AI is based on replicating human intelligence in machine control systems, enabling them to perform tasks that require human cognitive abilities (perception, learning, reasoning, and problem-solving). AI encompasses various methodologies and technologies such as ML, natural language processing, computer vision, and robotics, and GenAI further extends these capabilities with rapid creativity previously unavailable to humans [72].
Generative AI development in AI-based DTs for predictive maintenance fault diagnosis benefits the community by increasing industrial efficiency, reducing operational costs and improving safety. By enabling early fault detection, it minimizes unexpected equipment failures, leading to fewer disruptions in key sectors such as manufacturing, energy, and transportation. The technology supports sustainability efforts by optimizing resource utilization, reducing waste, and extending machine life. Small- and medium-sized enterprises benefit from cost-effective predictive maintenance solutions that were previously available only to large corporations. The workforce also benefits from AI-assisted maintenance by reducing unsafe manual checks and freeing skilled professionals to focus on higher-value tasks.
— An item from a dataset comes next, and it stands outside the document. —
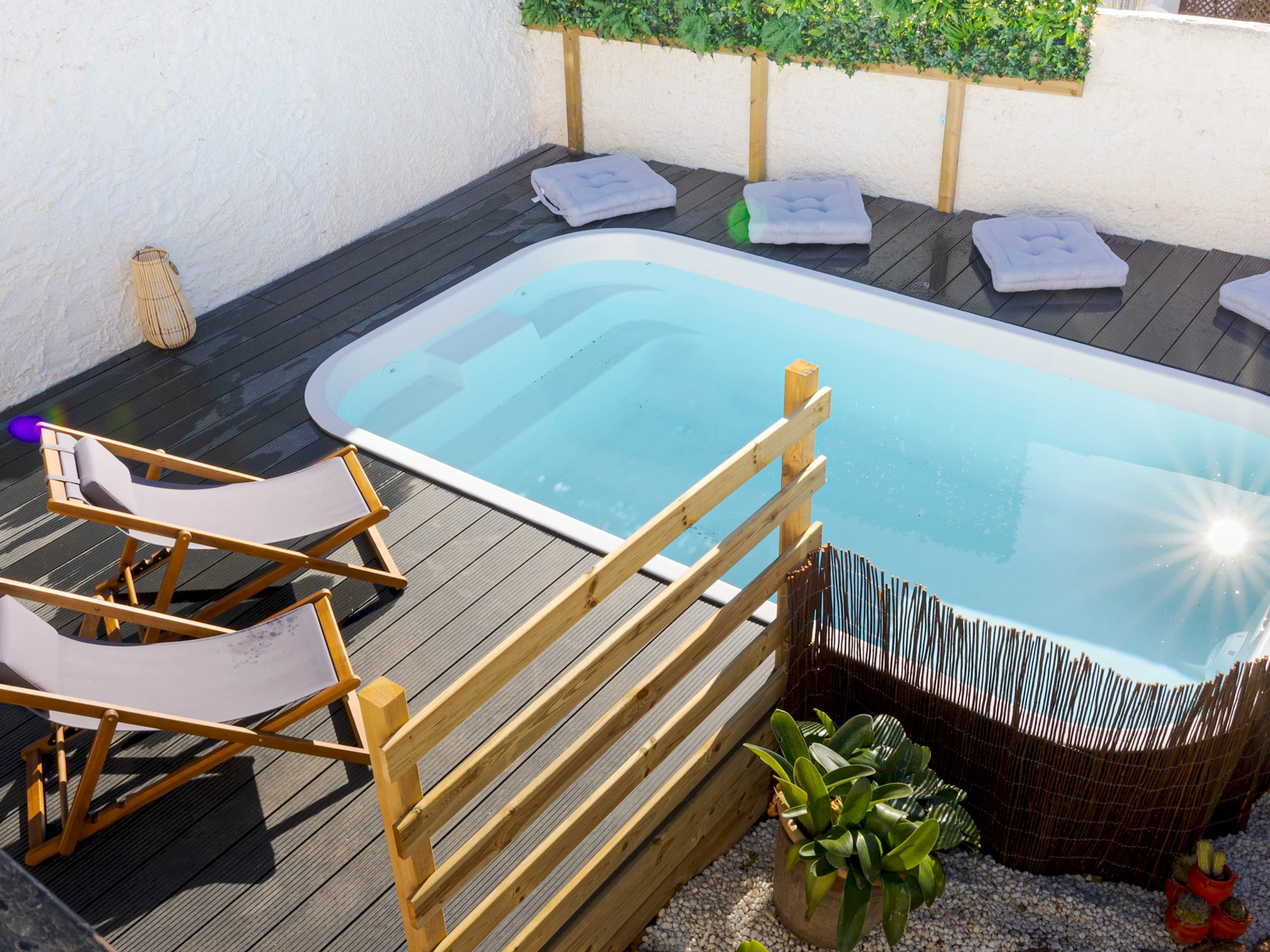 This independent room has direct access from the garden to the pool and terrace, offering added privacy. It includes a double bed, a full en-suite bathroom, a cozy lounge area, a fridge, and a kettle — ideal for guests who appreciate their own space.

From a managerial perspective, integrating Generative AI with DTs requires a shift to data-driven decision-making, which requires investment in AI knowledge and infrastructure. Managers must ensure ethical AI implementation, balancing automation with human oversight to maintain accountability and transparency. Real-time insights from DTs enable proactive maintenance planning, improved asset utilization, and reduced downtime. Additionally, industries adopting this technology gain competitive advantage by improving service reliability and customer satisfaction. Overall, the advancement of Generative AI in DTs aligns with the Industry 5.0 vision of human-centric, sustainable, and resilient industrial ecosystems [73].
Introducing Generative AI into AI-based DTs for fault diagnosis and predictive maintenance in Industry 4.0/5.0 raises several difficulties and scientific questions beyond the usual technical AI challenges. One major issue is the interpretability of AI-generated insights—how can engineers and decision-makers trust and understand the synthetic fault scenarios generated by AI models? There is also a concern about data authenticity and bias, as synthetic data might reinforce existing biases in training datasets, leading to skewed predictions. A key scientific question is how to balance the trade-off between real-world physics-based models and AI-generated simulations to ensure reliability without excessive computational costs. The integration of Generative AI with human decision-making poses an epistemological challenge: to what extent should AI-driven insights override human expertise in maintenance decisions? Ethical considerations arise when AI is used to automate critical fault diagnosis, particularly regarding accountability in cases of incorrect predictions leading to safety risks or economic losses. Standardization remains an unresolved issue—how can industries establish universal guidelines for using Generative AI in DTs across different sectors? Organizational resistance is another difficulty, as industries must overcome skepticism from stakeholders who may not fully trust AI-generated diagnostics. The scalability of this approach in highly diverse industrial settings raises scientific questions about adaptability—how can generative models generalize across different machine types and operational environments? Additionally, regulatory and compliance concerns present challenges, as industries must ensure AI-driven fault diagnosis meets safety and legal requirements. The economic implications of adopting Generative AI for predictive maintenance need further exploration—how can businesses quantify the long-term cost savings and return on investment from implementing these advanced AI-driven systems [74]?
Improved fault diagnostics and data augmentation for robust models enables faster and more reliable detection of anomalies in real time based on live sensor data, identifying patterns that indicate, for example, early signs of equipment degradation. This allows maintenance schedules to be dynamically adjusted based on real-time information, on the one hand avoiding downtime and on the other reducing unnecessary maintenance. Clear, explainable GenAI models with easily interpretable results/hints are key to earning operator trust and ensuring that generative AI-based fault predictions are consistent with expert knowledge. Combining AI-generated insights with expert judgment improves decision-making, ensuring that maintenance personnel can verify and refine GenAI-based fault diagnosis recommendations. For these reasons, protecting sensor communications, databases, and GenAI algorithms from attacks and data manipulation is essential to maintaining reliable predictions [75].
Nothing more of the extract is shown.